Mega Metagross, Mega Staraptor, and Mega Mawile analysis chart
The strongest physical Megas in M-B all ask a different team-building question: burst damage, snowballing, or Trick Room pressure.

Early Regulation Set M-B Mega ranking

The safest early tier is not based on novelty. It is based on how easily a Mega converts one turn into a winning board state. Mega Swampert, Mega Staraptor, Mega Mawile, and Mega Metagross are the most important names to test first. Mega Blaziken, Mega Sceptile, and Mega Raichu Y are strong but require cleaner support. Mega Raichu X and Mega Eelektross are playable, but they need a team that solves their Electric-type blind spots before battle one.

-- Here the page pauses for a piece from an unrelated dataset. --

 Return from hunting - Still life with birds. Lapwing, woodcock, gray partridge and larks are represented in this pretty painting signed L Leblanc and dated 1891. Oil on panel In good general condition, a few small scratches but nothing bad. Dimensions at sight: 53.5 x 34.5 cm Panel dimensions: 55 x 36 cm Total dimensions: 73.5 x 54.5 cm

The larger lesson is that Regulation Set M-B rewards complete profiles. A good custom ability is not enough. The best M-B Megas have at least three of the following: immediate damage, survivability, strong typing, coverage into common answers, and a simple partner package. Mega Swampert has Pelipper and Archaludon. Mega Mawile has Trick Room and rain support. Mega Staraptor has immediate Close Combat pressure. Mega Metagross has bulk, resistances, and priority. That is why they should define the early ladder.

Additional M-B Mega notes

The remaining source images are included below for players who want the full visual reference set while comparing secondary Mega picks and niche matchup roles.

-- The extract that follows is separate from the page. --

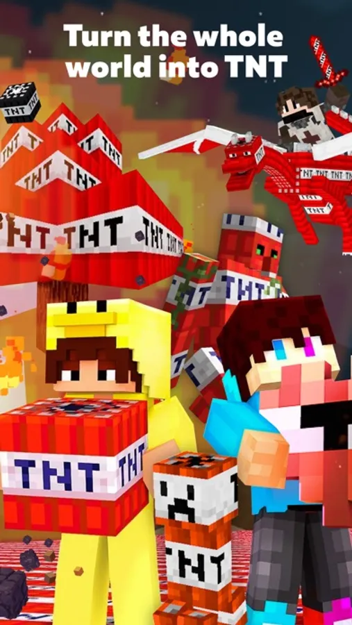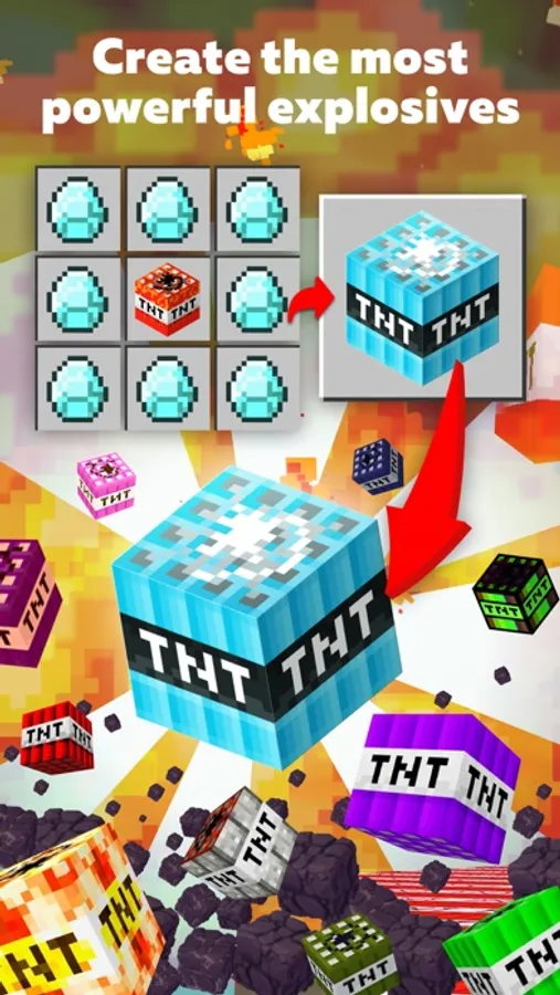 Join a multi-faceted adventure with a collection of explosive blocks and clear your way by destroying evil creepers and erasing everything unnecessary from the surface of the virtual world. With the help of TNT, you can easily extract useful resources in mines, create original structures, turn biomes into a post-apocalyptic wasteland, or increase your chances of winning in furious team battles by setting dynamite on the battlefield as a mine or a trap. The explosion occurs 4 seconds after pressing the button or lever. Add a real rain of falling TNT, destroying everything in its path. Use sticks of dynamite - an enhanced version of TNT, which has increased damage and a larger radius of destruction. The application will add to the game a whole collection of new TNT blocks with different powers and different principles of action. Transform the classic gameplay and start the total destruction of the virtual universe.

Additional Regulation Set M-B Mega Pokemon utility analysis chart
Utility picks can still matter when they compress support, speed control, or matchup coverage.
Mega Scizor, Mega Scolipede, and Mega Pinsir analysis chart
Bug and physical offense picks need a clear matchup reason because M-B already rewards stronger general attackers.
Mega Falinks, Mega Qwilfish, and Mega Alcremie analysis chart
Niche Megas are easier to justify when their ability changes the first two turns of a battle.
Mega Malamar, Mega Sableye, and Mega Drampa analysis chart
Slower Megas need either defensive value or a setup lane, not just a larger stat total.
Mega Pidgeot, Mega Poliwrath, and Mega Banette analysis chart
Accuracy, priority, and disruption tools can make lower-usage Megas relevant in specific compositions.